# Frogs & Toads > Dart Frogs (Dendrobatidae) > Breeding, Eggs, Tadpoles, etc >  HELP! Bringing home darts....

## whiteroses91

Uh well today, an animal rescue called me and had dart frogs and needed to get rid of them. So I went and got them. There were 8 frogs,  2 tads, and as i was leaving we noticed eggs in the bottom of the container. So...I have food and a beautiful set up...what do I do with the tads and eggs? I havent done any research on breeding yet.  


They are all at home in my tank. It's a 29 but were planning on setting up a 90 for them.

----------


## bshmerlie

John has a care sheet on the Imitating Dart Frog and also an article on how to build a Dart Frog Terrarium.  There is also a great article on Fruit Fly culturing. Those should get you started.  Why don't you post some pictures of what you have so we can help you further.

----------


## John Clare

For taking care of tadpoles:

http://www.frogforum.net/breeding-eg...ding-food.html

----------


## kevinpilon1

You want the temps in the 70's daytime w near 100% humidity. Many people just seal their tanks completely and only air them out for a little bit during feeding. Definitely check out how to culture fruit flies as you'll need em. It is quite simple but can seem to be a hassle at first. 

dendroboard.com is another forum and is dedicated completely to dart frogs. Pretty much everything there is to know about darts is there check it out!

What's the species?
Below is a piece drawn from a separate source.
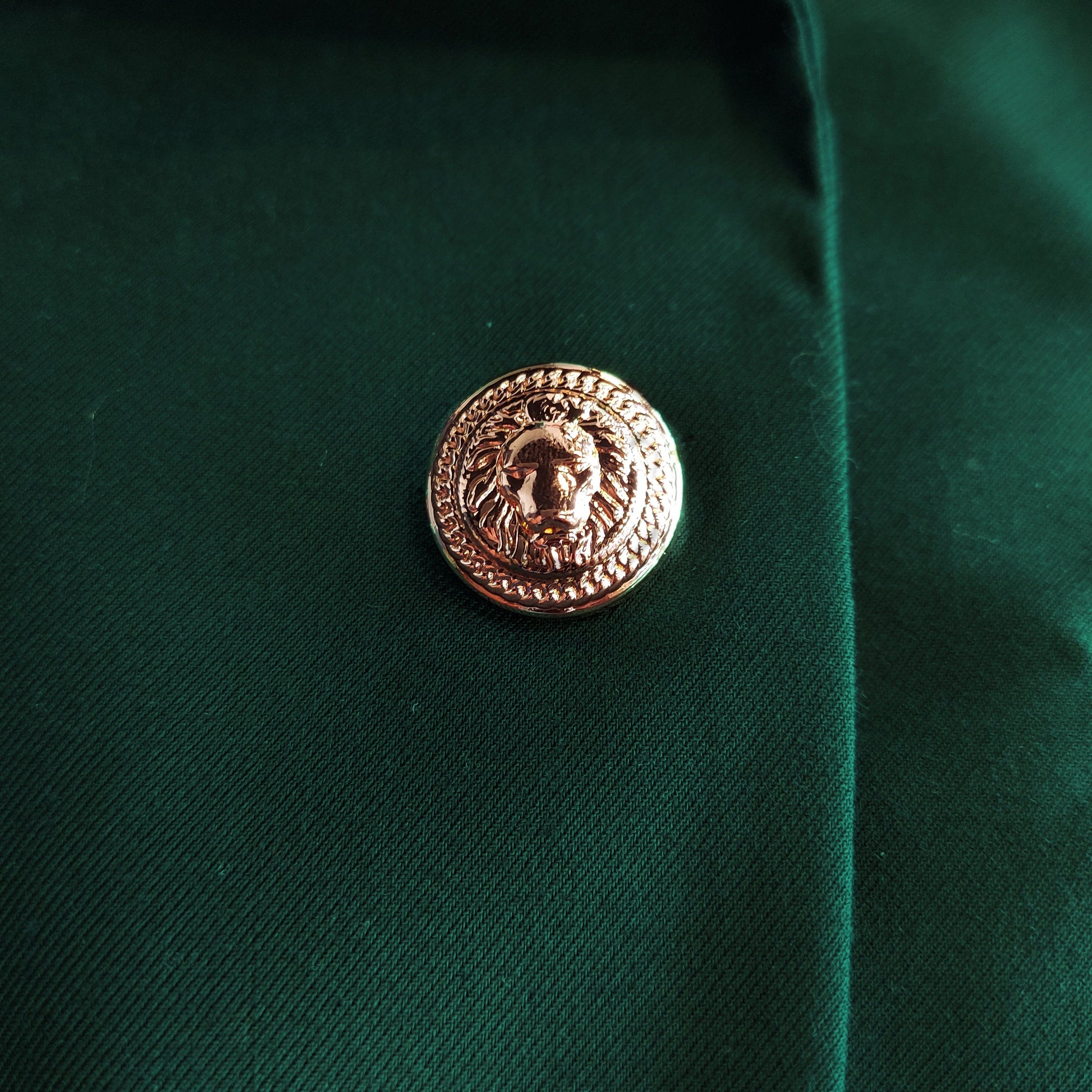 Mens green skinny fit three piece suit with peak lapel. This slim cut suit is made of a luxurious rayon viscose/ dacron blend fabric that looks and feels like super 100 wool. Coat has one gold textured lion button front closure. Side vents. Jacket has gold textured lion button details, and comes with a double breasted vest. Jacket pockets are usable but come sewn shut. Gently cut open to use. Tetron silk lining. Very high quality and well constructed. Comes with plain-front tapered trousers with narrow leg opening. Pants are a six-inch drop. Subtract six inches from your jacket size to determine your pant waist size. Meaning, if the coat size is a 40R the pants waist will be a 34R. Pants are lined to the knee. Pants come unfinished at the bottom so that you can hem at your proper length. Comes with a matching four button fullback vest. Also, a bonus pocket square included. This suit is ideal for weddings, proms, and other formal events. Dry clean only. Please note, this is a skinny fit suit. It has a tighter cut, especially in the pants. If you are in between sizes, we suggests you go with the larger size.

That will affect how you deal with the tads.

If you wanna get rid of a couple of the group I could help :Wink: 

good luck!

----------


## kevinpilon1

Could we see the set up? You said it was beautiful that sparked my fancy.....

----------


## whiteroses91

Thanks everyone, the new comers have made in through their first night. I've had the tank set up for probably 6 months or something. I couldn't decide on a frog, so it stayed just a little planted tank. Everyone is very lively this morning, but I can not find the tadpoles in my little pond...I'm hoping all is well with them. At the moment, my temp is 77 and my humidity is 95%(which is has only once gotten higher than this, so I hope this will be alright.) 
I got a container of already started cultures, so I'll have to get my practice in. But I do have another question, the guy the rescue got the frogs from said to feed them about 30 flies each? From my research, they only need about 3-5 each? Probably just a miscomunication? 
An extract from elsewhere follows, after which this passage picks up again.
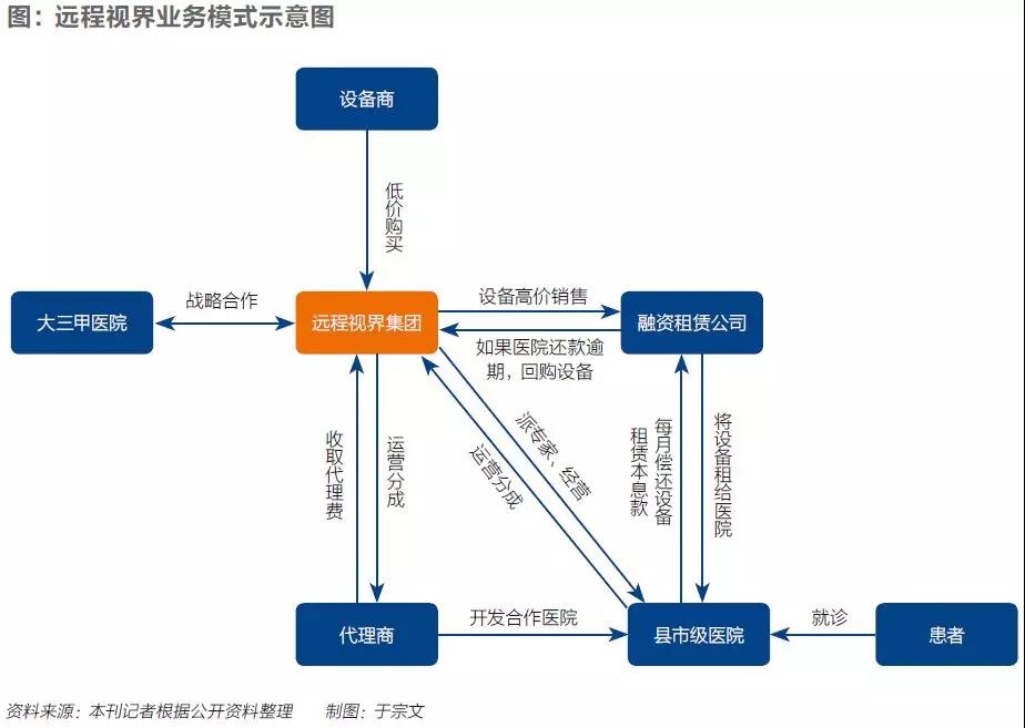 在遠程視界官網(wǎng)上,其自我定位為“??七h程醫(yī)療聯(lián)合體O2O平臺”。但一位前員工解釋說,其主要盈利模式就是做融資租賃。

Because we have so many frogs, we have officially decided to set up the 90 gallon tank as a frog tank, so within the next two days I hope to get that up and running.

----------


## whiteroses91

oh and curious does the churping sound they make kind of sound like a cricket? If so, they are churping like crazy.

----------


## JimO

They look like Dendrobates auratus, but they also look a little odd, like they might be hybrids.  Can you get a close-up shot?  From a distance the pattern on their legs looks a bit odd.

----------


## JimO

The tank looks nice, but I'm afraid it is much too small for 8 frogs.  They are territorial and the more submissive frogs can be intimidated and ultimately waste away due to stress and not being able to compete for food.  Ideally, they should be paired up and each pair be placed in tanks of at least 20 gallons.

----------


## kevinpilon1

Jim I had a hunch as well they were possibly hybrids ( I like the St. Augustine quote). A close up of the frogs would be helpful if you are able  :Smile:

----------


## JimO

> But I do have another question, the guy the rescue got the frogs from said to feed them about 30 flies each? From my research, they only need about 3-5 each? Probably just a miscomunication?


 Depending on how often you feed them, 30 to 50 flies each is about right. I feed mine about every other day. Some feed twice a week.
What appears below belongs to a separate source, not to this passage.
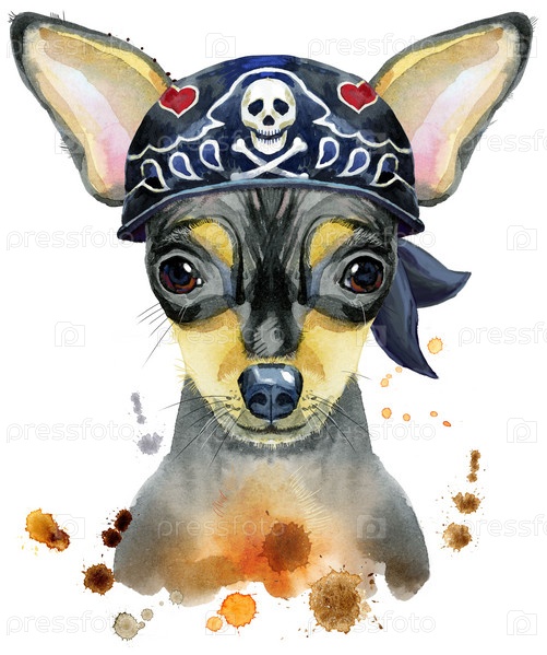 Акварельный портрет той-терьера в байкерской бандане

They will also take very small meal worms, true pinhead crickets (tiny), and they love termites. But, termites to dart frogs are like pastry or cheese to us, a very nice treat, but a steady diet will make them chubby.

If they are hybrids, they shouldn't be allowed to breed, but could be enjoyed as beautiful pets. A 90-gallon might be ok for 8 frogs if there are a lot of hide spots and visual barriers. There will be some wrestling among the males, but as long as there is enough room for the less aggressive males to retreat, it might work.  If they lay eggs you could either remove and dispose of the eggs or just leave everything go its natural way.  Froglets might emerge from the water but most likely won't make it if it gets too crowded.  Some of the adults might die and some froglets might grow to take their place.  This all assumes they are hybrids.  If so, they shouldn't be given to a novice if you decide to give some away, but only to experienced keepers who will agree not to breed them and give them a good home.

Considering that some unique morphs of certain dart frogs species might become extinct in the wild, the only way to have any hope of re-establishing them is to avoid cross breeding morphs with a species or cross breeding species.  If captive bred frogs are ever released in the wild, they will have to have traceable bloodlines back to the original morph from that region.  As such, cross-breeding dart frogs is strongly discouraged.

----------


## MichaelS

They aren't auratus.  They look like tinctorius.  They are may be powder blue and probably not a cross.  It's hard to tell from the picture.   100% humidity and little ventilation can cause problems.  Adult female tinctorius can be territorial and like to fight.   Keep an eye on them to be sure they are not fighting.  A nasty trick female tincts will do is hold other females under in a water dish or water area.

----------


## kevinpilon1

What problems r u referring to w/ 100% humidity? I have never heard of any. I suppose some people leave their tanks closed for days at a time and that could be unhealthy.

----------


## JimO

I was actually thinking of an auratus/tinc cross, maybe auratus crossed with azureus.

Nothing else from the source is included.